Exercise details:
Restate, word for word and with no pictures, the stretch of lines in the data below that begins at the line with "2018年8月31日,化学工" and ends at the line with "允许用自行设定电源ON时的输", inclusive.

Provided records:
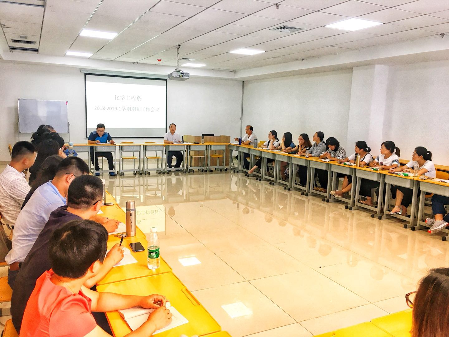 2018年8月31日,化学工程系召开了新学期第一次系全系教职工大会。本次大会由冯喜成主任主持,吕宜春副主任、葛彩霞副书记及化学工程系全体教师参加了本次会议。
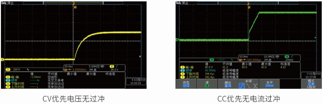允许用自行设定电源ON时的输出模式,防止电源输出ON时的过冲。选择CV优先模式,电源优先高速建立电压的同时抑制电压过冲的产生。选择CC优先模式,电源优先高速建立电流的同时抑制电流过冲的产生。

---

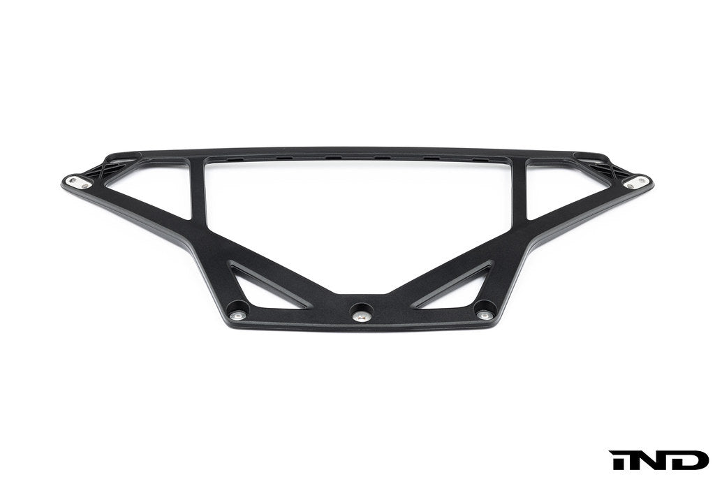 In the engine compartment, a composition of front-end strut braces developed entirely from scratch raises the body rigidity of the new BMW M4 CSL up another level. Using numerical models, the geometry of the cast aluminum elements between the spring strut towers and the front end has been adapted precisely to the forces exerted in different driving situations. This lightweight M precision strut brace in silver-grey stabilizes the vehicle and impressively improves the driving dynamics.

==

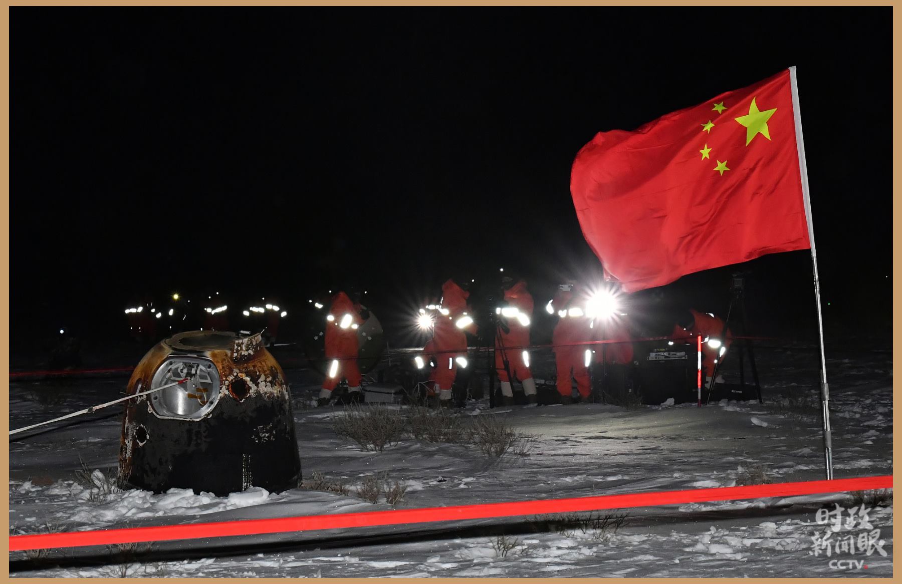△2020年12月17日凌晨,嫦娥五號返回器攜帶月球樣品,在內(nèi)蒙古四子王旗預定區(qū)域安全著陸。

Answer space:
 2018年8月31日,化学工程系召开了新学期第一次系全系教职工大会。本次大会由冯喜成主任主持,吕宜春副主任、葛彩霞副书记及化学工程系全体教师参加了本次会议。
允许用自行设定电源ON时的输出模式,防止电源输出ON时的过冲。选择CV优先模式,电源优先高速建立电压的同时抑制电压过冲的产生。选择CC优先模式,电源优先高速建立电流的同时抑制电流过冲的产生。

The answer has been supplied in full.